Brazil's pet owners challenged a city ban on street parties over the weekend. Photo / Bruna Prado, AP
Dozens of dogs and their owners in Rio de Janeiro challenged a city ban on street parties and gathered for their annual Carnival parade Sunday.
Dressed to the nines, the dogs participated in the traditional costume contest inside a private club in the Recreio dos Bandeirantes neighbourhood.
There was Lula dressed as a pink fairy, Cristal as a ballerina with a fuchsia tutu, and Elisa as a queen wearing a golden crown imprinted with red sapphires.
The furry gathering happened in spite of restrictions imposed in January by Mayor Eduardo Paes, who faced with a fast-spreading wave of the omicron variant of the coronavirus, postponed Carnival to April and banned street parties.
"Every year we have a costume contest and people are waiting for this day. So we thought, 'Let's have the (party) anyway,'" said Marco Antonio Veira, known as "Toto," who has been an organizer for some 20 years.
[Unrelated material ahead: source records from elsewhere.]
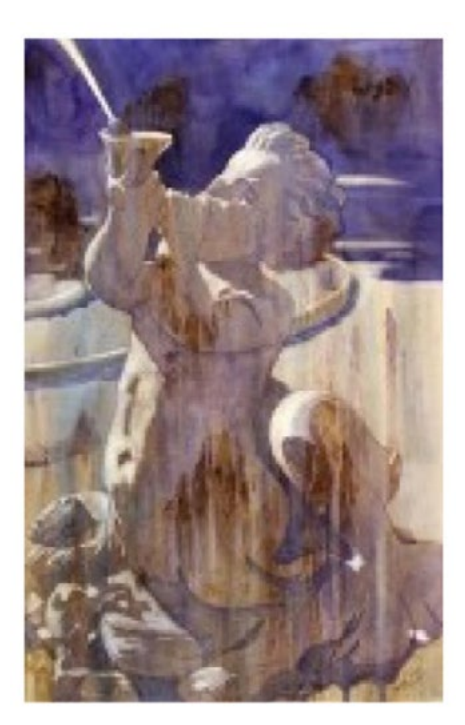
Water Sprite by Susan Avis Murphy

If you would like to participate, application forms, rules and regulations are at <u>https://www.georgetowncoc.com/sites/</u> default/files/Art%20Crawl%20Application.pdf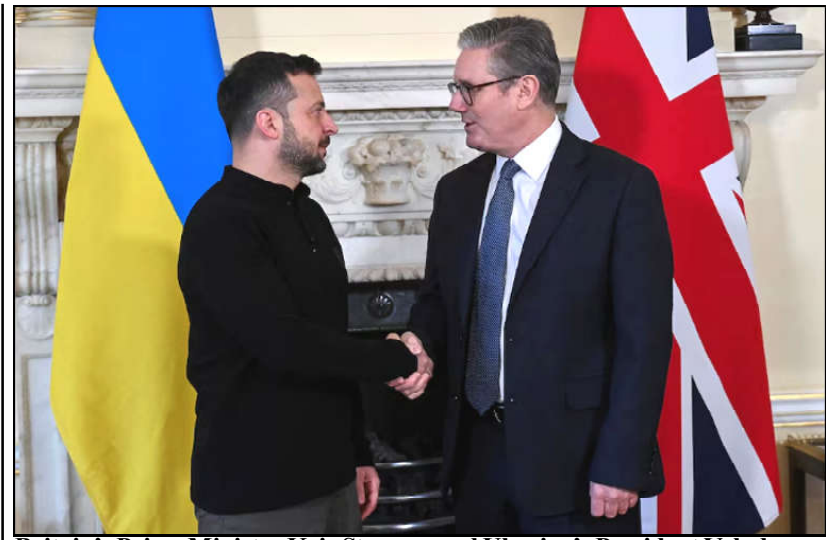
Britain's Prime Minister Keir Starmer and Ukraine's President Volodymyr Zelenskyy shake hands on the day of a bilateral meeting inside 10 Downing Street in London, Britain.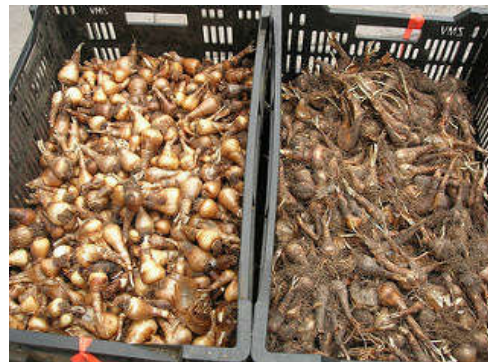
Bulbs - after cleaning and before

Want to help, but can't join us on August 6th? We may need help cleaning bulbs prior to the 6th!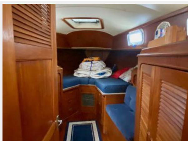
Irwin 46 Center Cockpit Ketch - Rythm - 41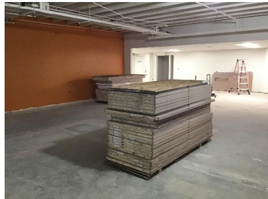
Wood Doors on Site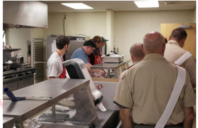
The kitchen crew serving up a delicious meal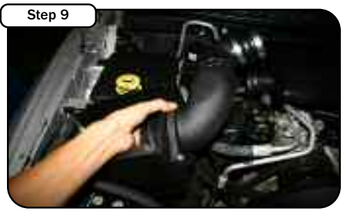
Place the hump coupler onto the tube with clamps provided and install intake into vehicle.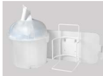
Accessories plate with Hygienic Covers dispenser and disinfecting wipe receptacle holder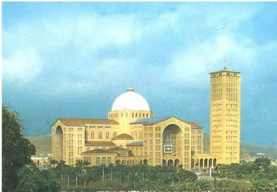
Santuário Nacional Nossa Senhora da Conceição Aparecida

In 1955 started the construction of the modern cathedral that dominates the surroundings of the town. The church was consecrated in 1980 by Pope John Paul II and in 1984 declared officially National Sanctuary by the bishops of Brazil. The cathedral can accommodate 45.000 persons while 200.000 pilgrims visit the “Santuário Nacional Nossa Senhora da Conceição Aparecida” every year on October 12, the national feast-day. I had the possibility to visit the Cathedral with the local Fila friends and was impressed by this modern monument, which is not on the top list of travel agencies, but absolutely a worthwhile excursion.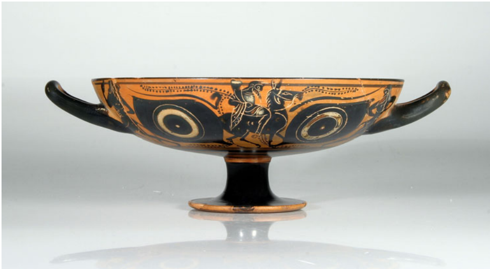
Fig. 4. Black-figure Type A cup; Greek, Attic, attributed to the Painter of the Essen Group, c.530–520. Göteborg, Rohsska Museum: 70.58.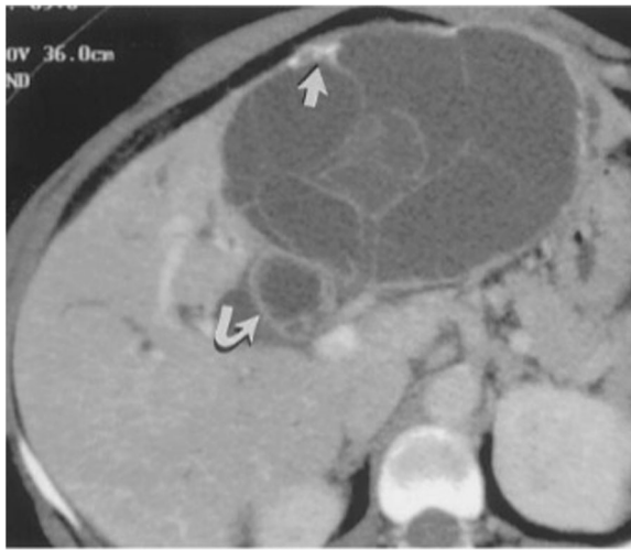
Fig. 6 Computed tomography scan shows a multilocular cyst with septations and mural calcifications ( straight arrow ) with biliary duct dilatation and extension of the cyst into the left hepatic and common bile ducts ( curved arrow ) [9]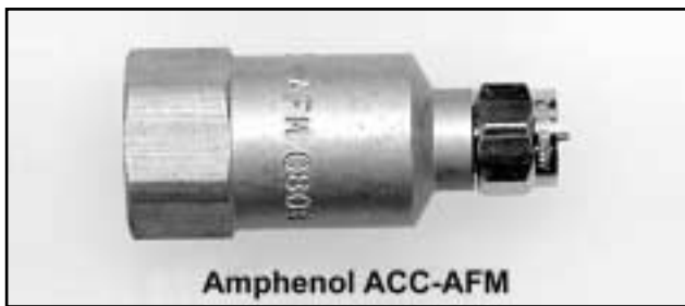
F Male to Pin Connector ACC-AFM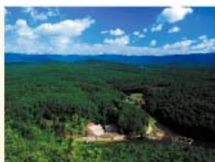
Old Hickory Council's Camp Raven Knob

Boy Scouts of America, Old Hickory Council 6600 Silas Cook Parkway, Winston-Salem, NC 27105 336-760-2890 www.oldsilascouncil.org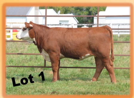
Reg. # 43938770 Sire: WLB Yukon 50D

Saturday Sept. 8, 2018 — Bid off at 5 p.m. (CDT) — Leonard, N.D Selling 10 elite heifer calves ~ 5 Bred Heifers ~ select group of young bred cows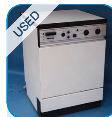
A13867 Miele G7733 glassware washer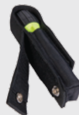
14816 Nylon Belt Pouch, 4AA/3AA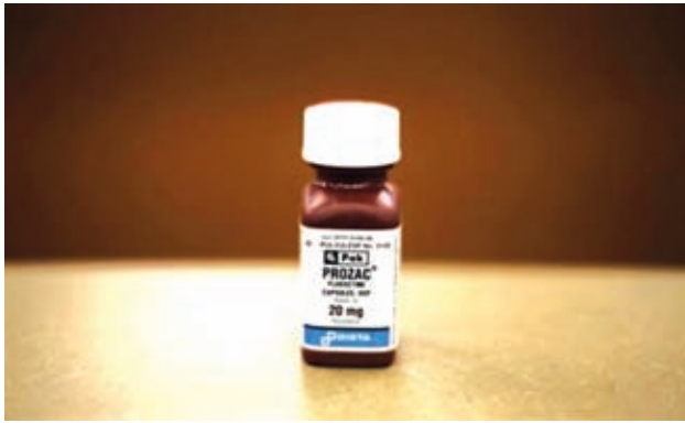
Prozac medicine is seen at a pharmacy in Los Angeles, California, in this 18 Oct, 2010 file photo.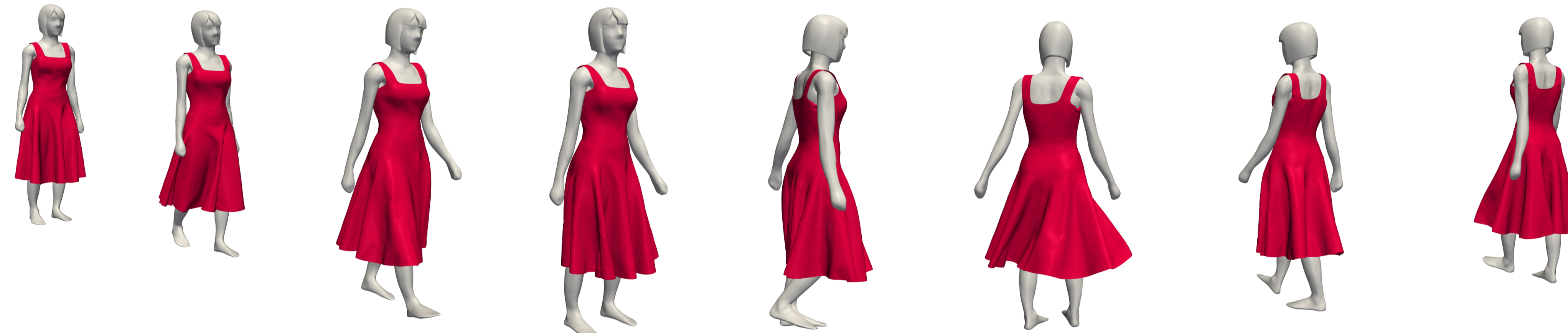
Cloth design and body animation by Laurence Boissieux

Cloth dynamics plays an important role in the visual appearance of moving characters. Properly accounting for frictional contact is of utmost importance to avoid cloth-body penetration and to capture folding behavior due to dry friction. We present here the first method able to account for contact with exact Coulomb friction between a cloth and the underlying character. Our key contribution is to formulate and solve the frictional contact problem merely on velocity variables, by leveraging some tools of convex analysis. Our method is both fast and robust, allowing us to simulate full-size garments with more realistic body-cloth interactions compared to former methods, while maintaining similar computational timings.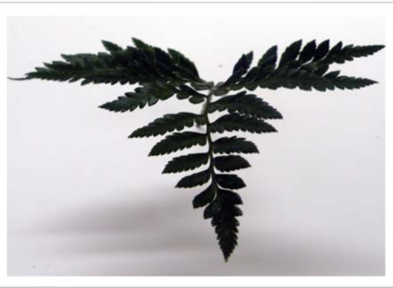
Enter from front center toward focal point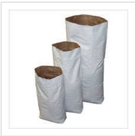
Multiwall Pasted Bag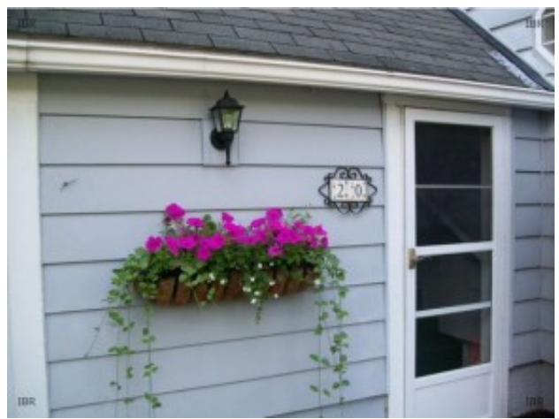
Additional View 2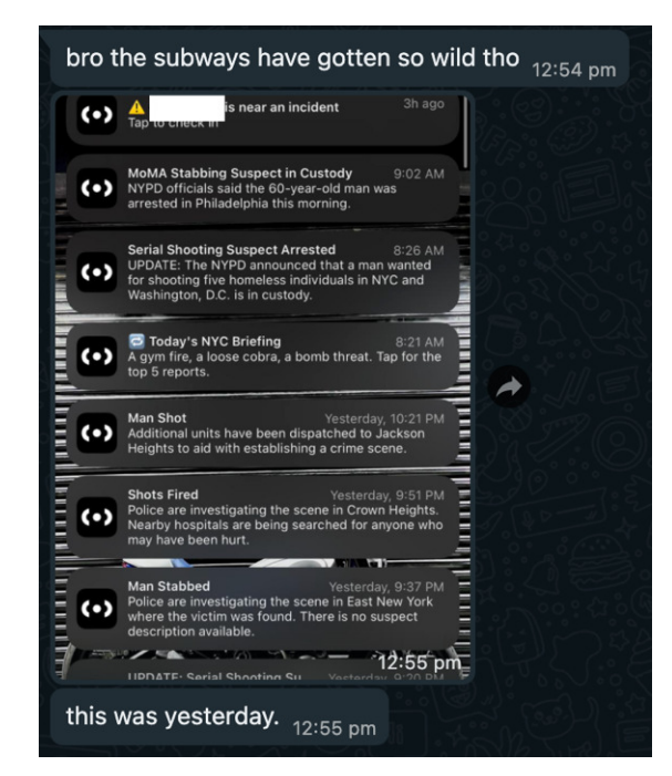
Figure 4. Screenshot of Z's messages about Citizen notifications.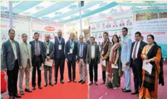
Some of the Participants and Candidates of ASB Council Election held on 30 January 2024

The General Secretary placed these Panels before the Council meeting on 05 December 2023 and the Council endorsed both Panels as valid.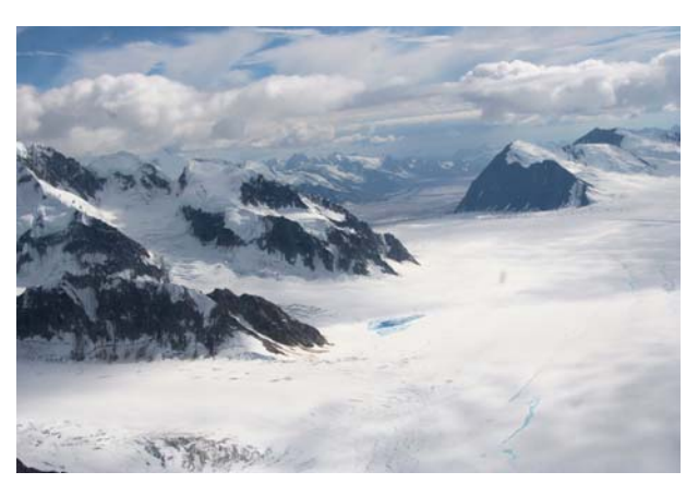
Note the cobalt blue water lake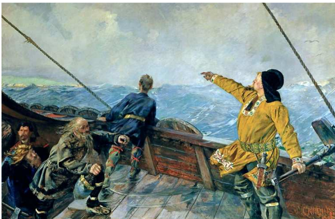
Leiv Eiriksson discovers America by Christian Krohg (1893)

On October 9, it would be wonderful for you all to greet everyone that you meet with “Isn’t this a wonderful Leif Erickson Day”? It took me checking several calendars in our house until I finally found the date noted on the Paulstad Norwegian calendar. Every year starting with 1964, the United States President has issued a proclamation on October 9, praising the contributions of Americans of Nordic descent. Another interesting fact is that October 9 is not associated with any particular event in Leif Erickson’s life. The date was chosen because the ship Restauration coming from Stavanger, Norway, arrived in New York harbor on October 9, 1825. It was the start of the first organized immigration from Norway to the United States.

Debora Guedes made the trip from the nearby city of Sao Goncalo, more than an hour's drive. She came with her 2 year-old dog, Briana, dressed in a Harry Potter outfit.
"I like Carnival but with a dog, it's even more fun," Guedes told the Associated Press.
Sunday's "Blocao" — a mixture of "bloco" that refers to the traditional Carnival street parties and "cao," dog in Portuguese — was not the only infringement to the city's Carnival ban.
Since Saturday, when Carnival was supposed to kick in, revellers have been spotted in their colorful party outfits throughout the city, leaving a trail of glitter behind them.
Police officers, who in the past weeks have shut down several "blocos" from the moment they gathered, seemed more lenient with the thousands of party-people looking for some fun over the weekend.
'Bloco' parties play on, despite ban
Thousands defied an official ban on street parties by dancing, singing and mingling to the rhythm of Samba, sometimes as police looked on.
Others attended more formal events that moved indoors this year after City Hall banned "blocos," the tightly packed street parties traditionally thronged by those who cannot or do not want to lay out for pricey tickets for the official parade at the Sambadrome — which this year has been postponed to April because Brazil is still not past the omicron wave.
"I think it's a shame this has to happen this way," said Tulio Brasil, a 29 year-old music marketing director who found one of the unauthorized street parties in the city center.
"It doesn't make sense to crowd everyone into a closed place when the street, an open space, much more airy, is prohibited," he said.
The indoor parties — and the fee to get in — are a heresy for many Brazilians who say that Carnival's block parties are essentially and historically parties by the people and for the people.
Tourists from abroad and across Brazil have turned up in numbers this year in spite of the virus. As of Feb. 24, hotels in Rio were at about 80 per cent capacity, according to Rio's hotel association.